Chedva Tennenberg, une enseignante à Jérusalem, a déclaré qu’elle et d’autres éducateurs n’avaient pas pu obtenir de réponses claires à leurs questions lors d’une réunion en ligne deux jours avant la réouverture de leur école. Elle a également été surprise par les procédures en place pour s’assurer que seuls les enfants en bonne santé viennent en classe.

« J’ai dû faire vérifier ma température deux fois pour entrer dans Bezeq », a déclaré Tennenberg, faisant référence à une compagnie de téléphone israélienne. «Mais pour les écoles, les parents devaient signer une note indiquant qu’ils prenaient la température de l’enfant. De nombreux enfants ont dit que personne ne prenait leur température.

Dans au moins un cas, un élève qui avait été diagnostiqué avec le coronavirus a fréquenté une école primaire haredi pour enfants ayant des besoins spéciaux, la forçant à fermer temporairement, a rapporté Yeshiva World News.

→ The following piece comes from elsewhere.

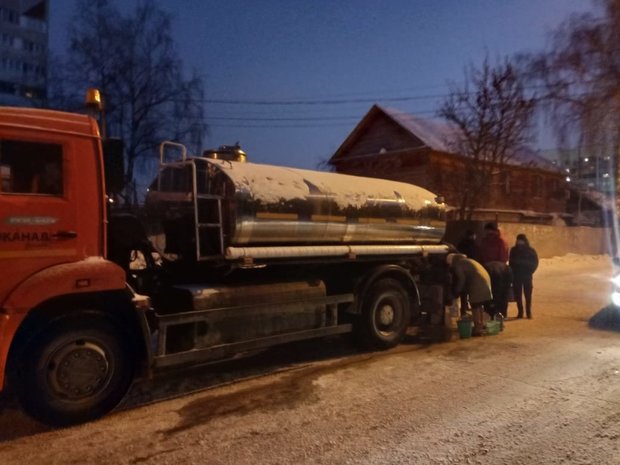 Около 17.00 прибывший в район аварии корреспондент издания застал служебный КАМАЗ с большой изотермой для воды. Он стоял на внутриквартальной улице Лукина, 10, между двумя «обезвоженными» домами. На задней части фуры были прикреплены три крана. Открываешь — наливаешь. К нему прибежали жители, чьи окна выходили на эту улицу, — специально их не оповещали. Кто увидел, тот пришел. Очередей не было. Возможно, и потому, что еще утром жители успели запастись водой из магазинов.

Les masques faciaux sont exemptés pour les élèves de première année. (Olivier Fitoussi/Flash90)

Pour l’instant, les cours sont facultatifs, de sorte que les étudiants ne sont pas pénalisés s’ils restent à la maison. Mais bientôt, les parents d’élèves plus âgés devront prendre une décision similaire, le gouvernement faisant pression pour continuer à redémarrer le système scolaire dimanche.

Pour faciliter la distanciation dans les salles de classe, les élèves ne fréquenteront qu’un à trois jours par semaine, apprenant en ligne le reste du temps, selon la proposition du gouvernement.

Mais même si le nombre de cas dans le pays continue de baisser, beaucoup sont inquiets. Mardi, 15 villes à travers le pays ont rejeté l’expansion, dont plusieurs, comme Tel-Aviv, qui s’étaient auparavant opposées à la réouverture précipitée par le gouvernement des classes 1 à 3.

Quant à Taub, elle a dit qu’elle était encline à attendre un certain temps avant de renvoyer ses enfants à l’école. Même une fois que toutes les classes reprendront leurs études, a-t-elle dit, elle prévoit d’attendre que « le temps se soit écoulé et que je ne vois pas de pic dans les cas ».